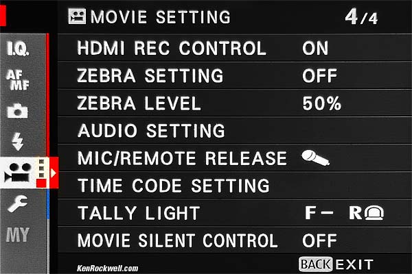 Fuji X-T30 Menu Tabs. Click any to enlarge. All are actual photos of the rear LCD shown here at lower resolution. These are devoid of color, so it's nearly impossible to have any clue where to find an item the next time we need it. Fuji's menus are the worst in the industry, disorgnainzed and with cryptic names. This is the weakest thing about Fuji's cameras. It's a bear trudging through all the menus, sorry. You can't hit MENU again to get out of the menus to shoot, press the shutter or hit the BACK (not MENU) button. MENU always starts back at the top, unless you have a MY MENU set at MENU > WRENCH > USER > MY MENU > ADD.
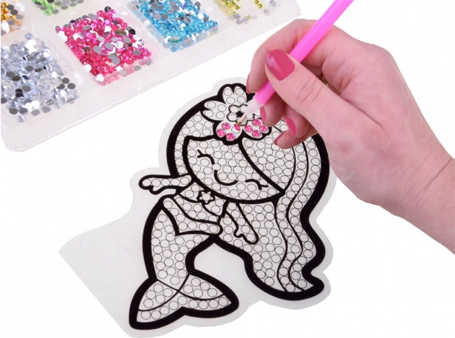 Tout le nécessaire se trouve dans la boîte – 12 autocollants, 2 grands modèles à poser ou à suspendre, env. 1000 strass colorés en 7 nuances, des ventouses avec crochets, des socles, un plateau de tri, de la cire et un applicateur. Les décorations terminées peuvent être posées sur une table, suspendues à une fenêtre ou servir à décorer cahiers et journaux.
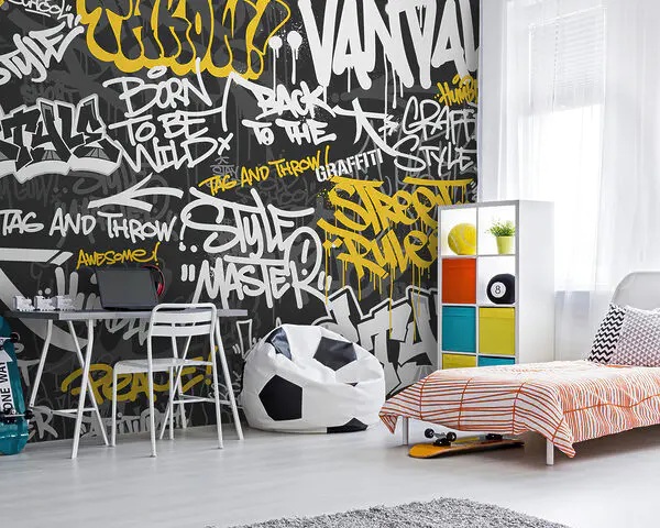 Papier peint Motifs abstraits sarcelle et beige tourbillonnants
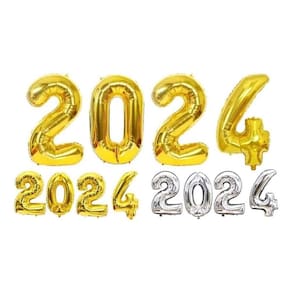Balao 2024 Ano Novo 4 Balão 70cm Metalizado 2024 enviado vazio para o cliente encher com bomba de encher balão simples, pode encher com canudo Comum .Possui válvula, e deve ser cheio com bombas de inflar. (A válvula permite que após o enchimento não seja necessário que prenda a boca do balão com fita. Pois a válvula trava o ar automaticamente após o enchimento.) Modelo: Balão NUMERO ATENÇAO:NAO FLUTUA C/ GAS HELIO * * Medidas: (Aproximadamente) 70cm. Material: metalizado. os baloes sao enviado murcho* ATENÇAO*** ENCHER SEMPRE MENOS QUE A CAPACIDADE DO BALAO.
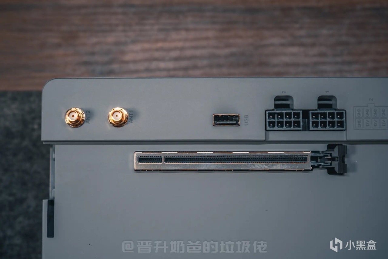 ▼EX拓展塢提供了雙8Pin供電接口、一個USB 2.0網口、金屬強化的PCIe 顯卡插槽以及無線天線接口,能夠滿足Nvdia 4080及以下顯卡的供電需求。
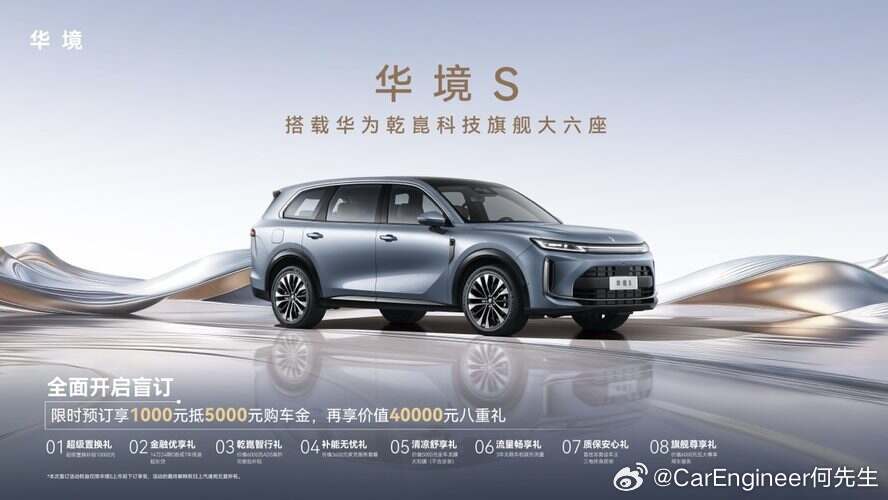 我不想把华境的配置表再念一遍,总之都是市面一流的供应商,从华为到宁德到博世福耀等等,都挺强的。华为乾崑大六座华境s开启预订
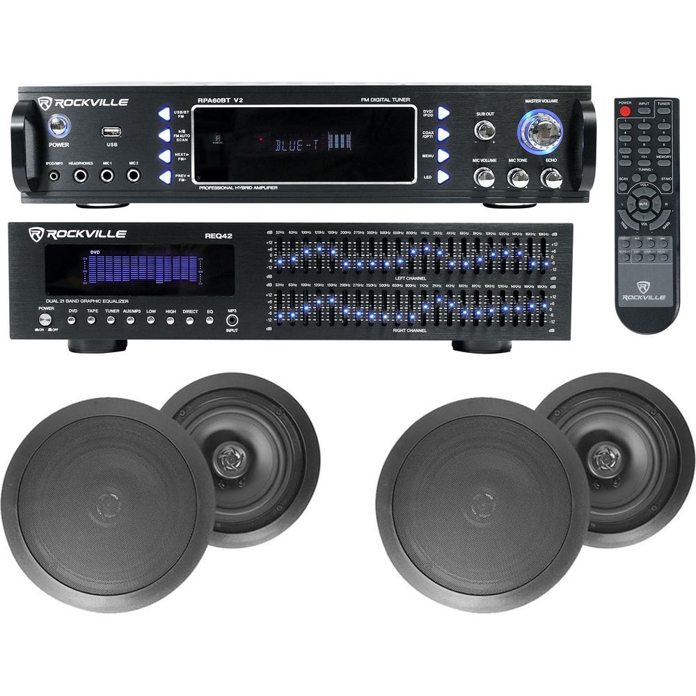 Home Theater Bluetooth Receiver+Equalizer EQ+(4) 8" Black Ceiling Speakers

Work order.
What is needed is a verbatim copy of the lines from the line with "我不想把华境的配置表再念一遍" through the last line of the listing, pictures excluded.

Task answer.
 我不想把华境的配置表再念一遍,总之都是市面一流的供应商,从华为到宁德到博世福耀等等,都挺强的。华为乾崑大六座华境s开启预订
 Home Theater Bluetooth Receiver+Equalizer EQ+(4) 8" Black Ceiling Speakers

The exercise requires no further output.